As writers, we will all experience times when our creative energies seem to leave us; we spend our mornings staring at blank pages, or worse still, for months nothing seems to inspire us to commit our thoughts to the page. At such times we are left believing that we are without the Muse. But, do we need the muse to write well or to even write at all?
For a number of months this year, I seemed to be without inspiration to write. I told my writer and author friends about it and they made various suggestions from taking a course, walking in the the country, going on holiday or even falling in love. As I struggled with my seeming barrenness, I came across a poem in a notebook that challenged me to reconsider my dependence on the Muse.

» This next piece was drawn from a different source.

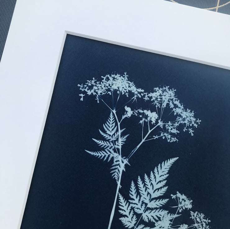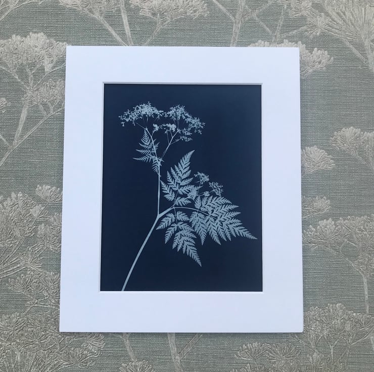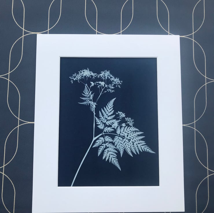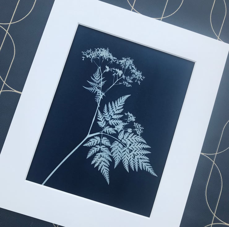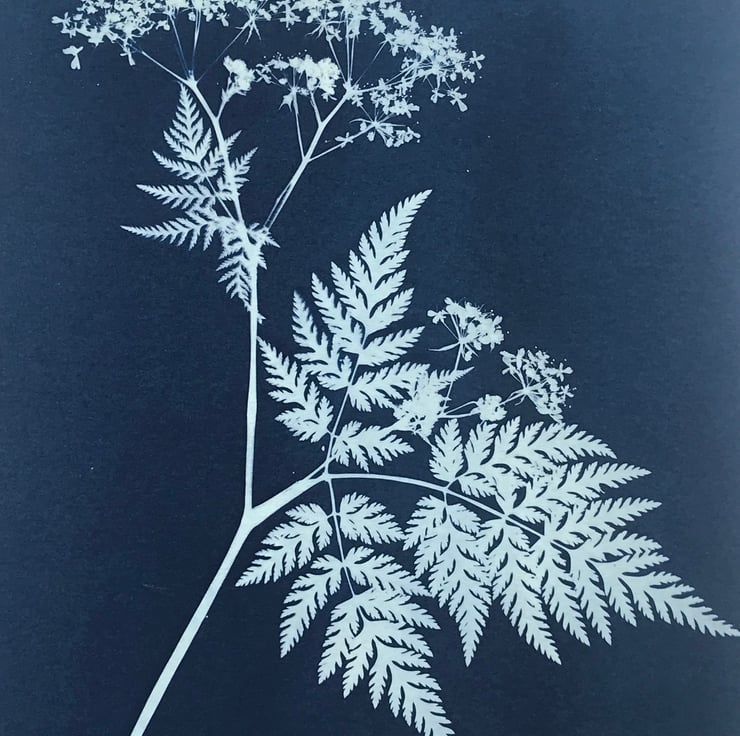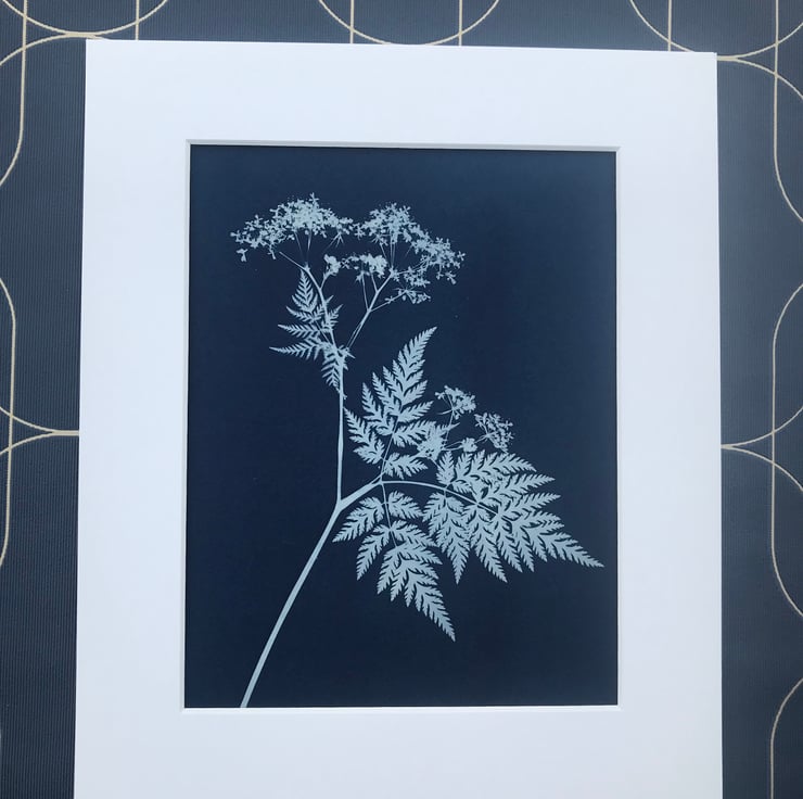 Botanical Art- Take a drive through the English countryside in early summer, you're sure to see Cow Parsley growing thick and fast along the hedgerow, a great source for the early pollinators. The flowers and leaves both press well, making it a perfect plant for Cyanotype. Detailed, cut-edged leaves and soft flower umbels rise off spiky stalks. An almost navy background shows off the pretty pressed botanical in the palest blue in this Original Cyanotype.

I had written it in a ten minute slot at a summer school at Millers Yard, an exciting Alternative Living Centre in the city of York. Having decided to use the Creative Writing class as the centre for my piece, I approached the event with trepidation….what if I couldn’t write on tap? I thought to myself. Lizzie Linklater the instructor was inspiring and encouraging as she hurled people into the art of creative writing with nothing more than a brief introduction and an “Okay, you have ten minutes to write a story on ‘My Memory of London’. Amazingly, I did not stare at the paper for a moment! Off I went and in ten minutes had my story written…of course, it was a first draft, but a story nonetheless.
That Saturday afternoon, I learned that if the Muse was not around, I should not wait for inspiration, but rather, create inspiration for myself. Now I actively look for ideas in the exciting and different, and yes, even the ordinary and mundane that goes on around me every day.
I have come to see for me at least, that the Muse is as much about me throwing excuses to the wind and beginning to engage with whatever is to hand.